◆ TASK PROMPT
If an entry below contains an image, drop the image and retype the rest exactly.
==============================
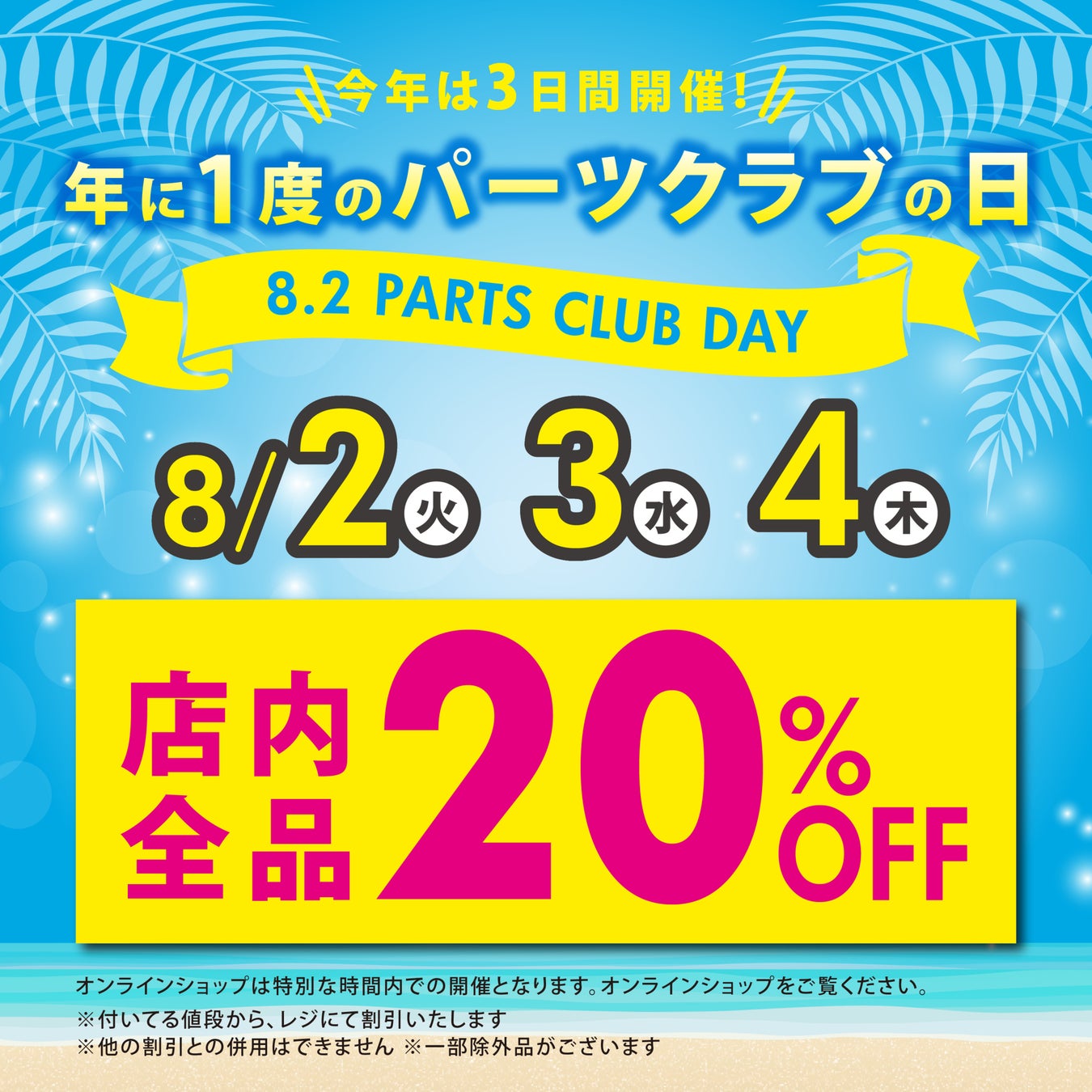 パーツクラブ店舗&オンラインショップでは、なんと店内全品が20%OFFとなるイベントが決定。
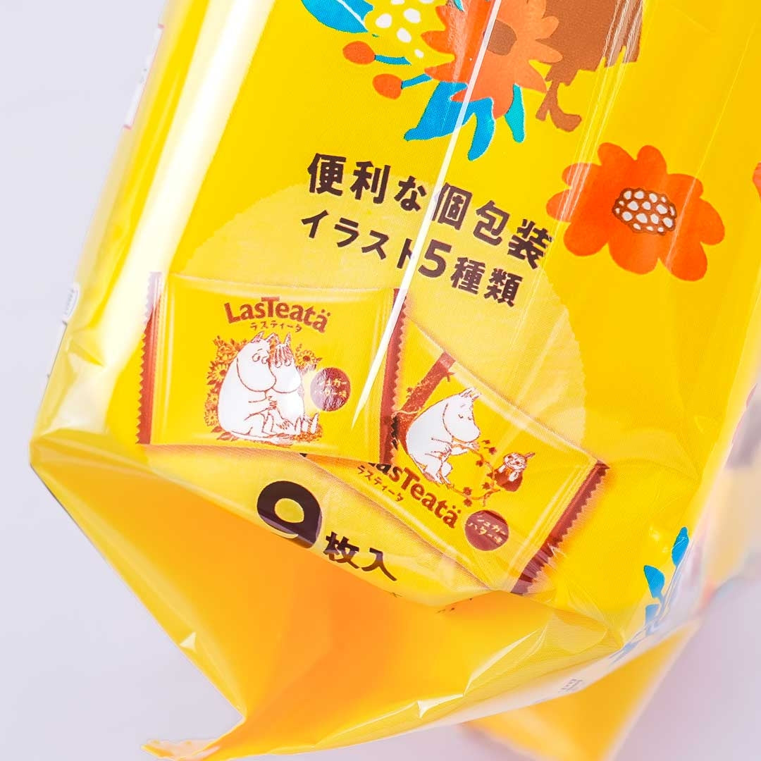 Enjoy a relaxing afternoon tea paired with this pack of crunchy biscuit snacks! Each high-quality "rusk" or twice-baked bread biscuit has a delicate sweet butter taste and is wrap in cute individual packaging featuring the Moomins!
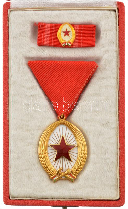 1964. "Munka Érdemrend" arany fokozata, zománcozott bronz kitüntetés mellszalagon, miniatűrrel szalagsávon, eredeti tokban, adományozói okirattal és igazolvánnyal T:UNC NMK 599.
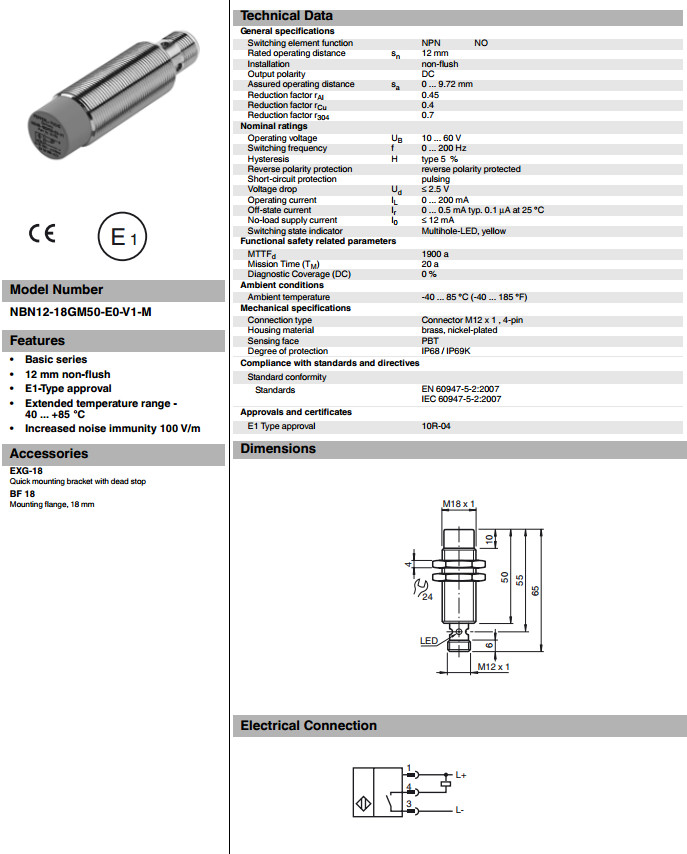 NBN12-18GM50-E0-V1-M電感式接近開關(guān)
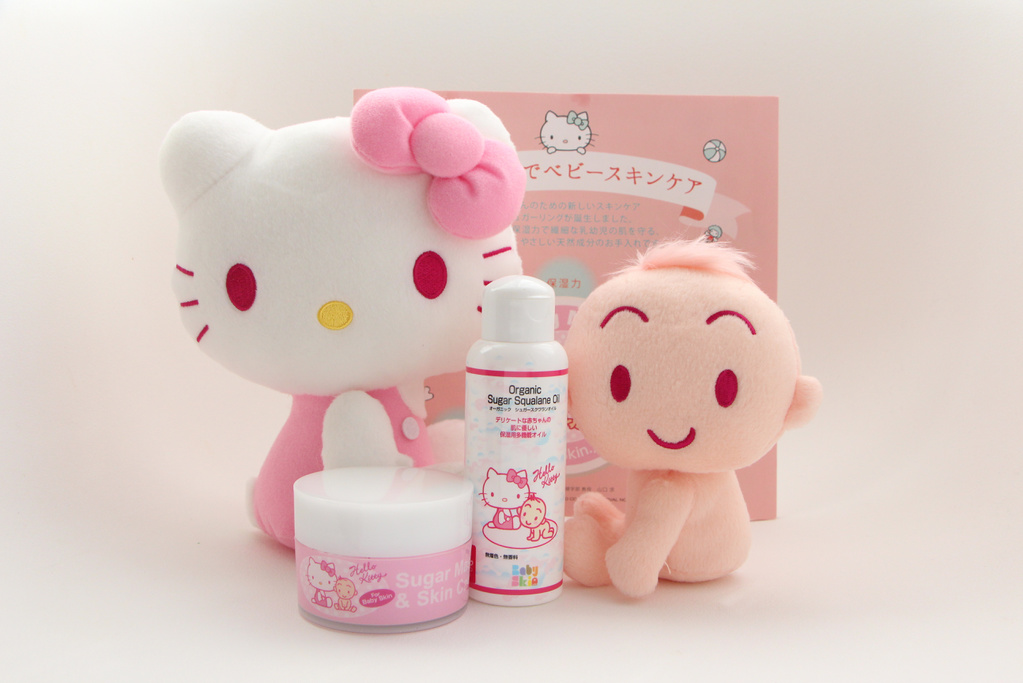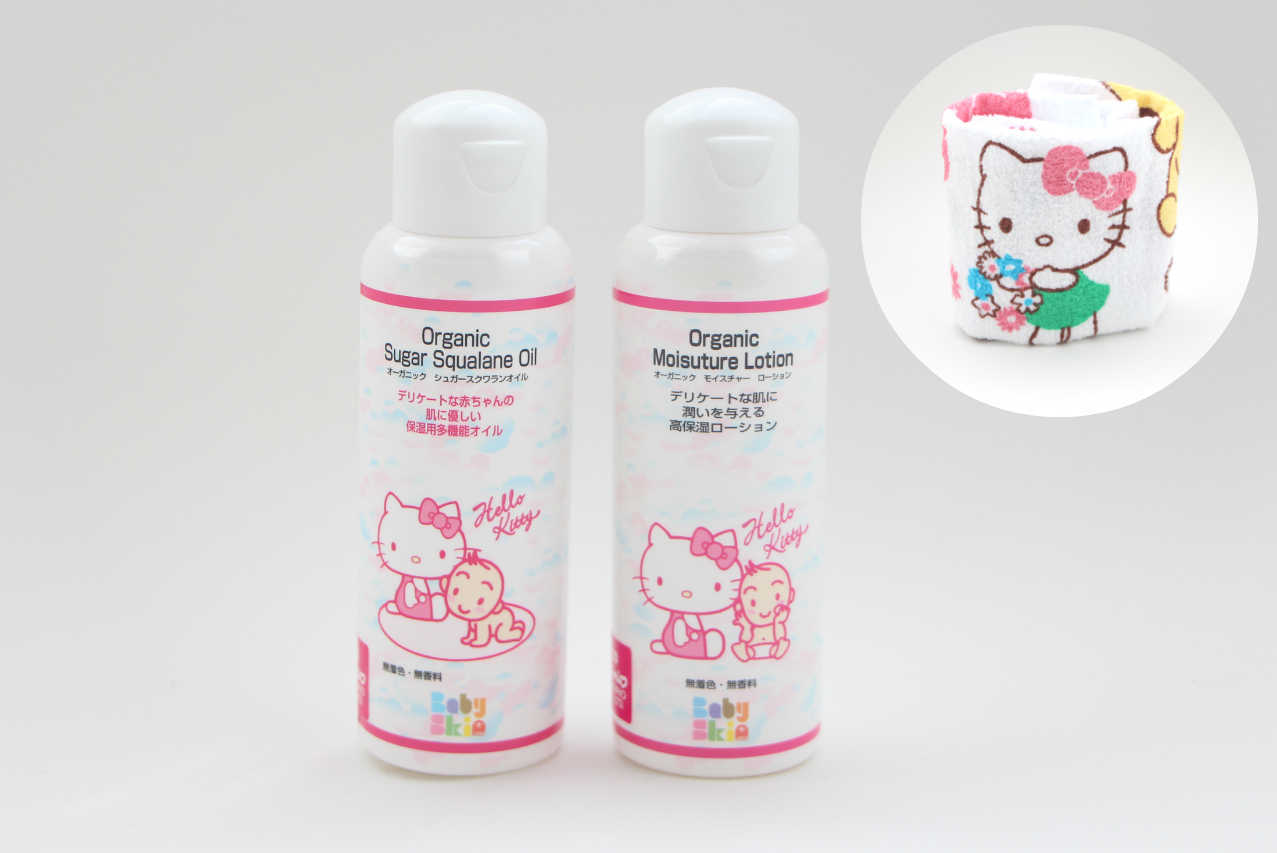 ベビー用のスキンケアアイテムに、ハローキティのタオルをプレゼント。ご出産祝いにおすすめです。
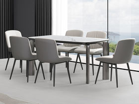 皇朝家居 现代 微晶石爵士白+碳素钢+橡木脚 长1.4米餐桌
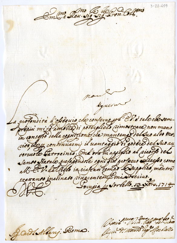 Lettera al cardinale Annibale Albani (1714 dicembre 13)
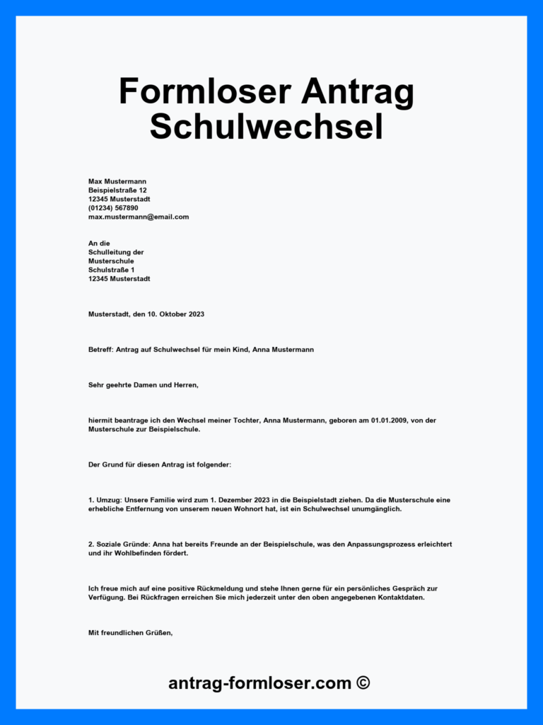 Kostenloser formloser Antrag für Schulwechsel als PDF zum Download. Einfach ausfüllen und Wechsel Ihrer Tochter/Ihres Sohnes auf neue Schule problemlos beantragen.
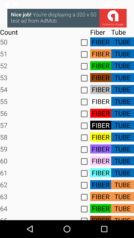 Fiber optic code calculator will show a table of fiber numbers and their corresponding color code. This can handle different starting counts making the app a great time-save in the field of fiber-optic installation. For use with TIA-598 12-count fiber 12-count tube standard. Now available for iPhone https://itunes.apple.com/us/app/fiber-optical-calc/id1396813508?ls=1&mt=8
==============================
◆ RESULT BELOW
 パーツクラブ店舗&オンラインショップでは、なんと店内全品が20%OFFとなるイベントが決定。
 Enjoy a relaxing afternoon tea paired with this pack of crunchy biscuit snacks! Each high-quality "rusk" or twice-baked bread biscuit has a delicate sweet butter taste and is wrap in cute individual packaging featuring the Moomins!
 1964. "Munka Érdemrend" arany fokozata, zománcozott bronz kitüntetés mellszalagon, miniatűrrel szalagsávon, eredeti tokban, adományozói okirattal és igazolvánnyal T:UNC NMK 599.
 NBN12-18GM50-E0-V1-M電感式接近開關(guān)
 ベビー用のスキンケアアイテムに、ハローキティのタオルをプレゼント。ご出産祝いにおすすめです。
 皇朝家居 现代 微晶石爵士白+碳素钢+橡木脚 长1.4米餐桌
 Lettera al cardinale Annibale Albani (1714 dicembre 13)
 Kostenloser formloser Antrag für Schulwechsel als PDF zum Download. Einfach ausfüllen und Wechsel Ihrer Tochter/Ihres Sohnes auf neue Schule problemlos beantragen.
 Fiber optic code calculator will show a table of fiber numbers and their corresponding color code. This can handle different starting counts making the app a great time-save in the field of fiber-optic installation. For use with TIA-598 12-count fiber 12-count tube standard. Now available for iPhone https://itunes.apple.com/us/app/fiber-optical-calc/id1396813508?ls=1&mt=8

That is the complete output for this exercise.